I am building a website recorder that acts like a proxy, in order to test web scrapers on an ongoing basis. It is split into three Docker containers, all on GNU/Linux: (1) a proxy, (2) an API and request queue, and (3) a simple web app.
It works fine for HTTP sites: I click a button in the web app, this makes a request to the API container, and that adds something to an internal request queue, which then requests the site via the proxy. The proxy records the site as it passes through.
However, I'd forgotten that one cannot record HTTPS site traffic, and now I've come to implement this, I've found that proxies just use the CONNECT
verb, and then act as a data exchanger between the client and the target. I believe I cannot replay the same data chunks as part of the encryption uses a randomised, throwaway, symmetric key (however I have a script suitable for testing this, so I will do so just for the educational value!).
So, I was wondering if my fetching client could give up enough secrets for the proxy system to decode the byte-stream? I am using Wget to do the fetch, which I guess would be using OpenSSL. It does not need to be Wget though: if I were using a PHP script with file_get_contents
with a stream context, can I ask the openssl module for the decryption keys?

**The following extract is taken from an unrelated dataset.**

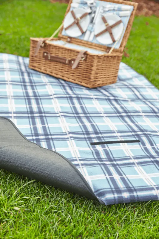 OUTDOOR BREAK piknik takaró, pléd: lágy tapintású, az alján lévő bevonat megakadályozza a nedvesség átjutását, összehajtva, tépőzárral

(To be fair, I will probably not solve the problem in this fashion even if it is possible, I just thought it would be really interesting to learn a bit more about TLS. In practice, I will record a "null" entry against all secure websites in the proxy, and require the requesting service to notify the proxy of header/body data via an API call, so it can be later played back. They will of course have plaintext copies of these items).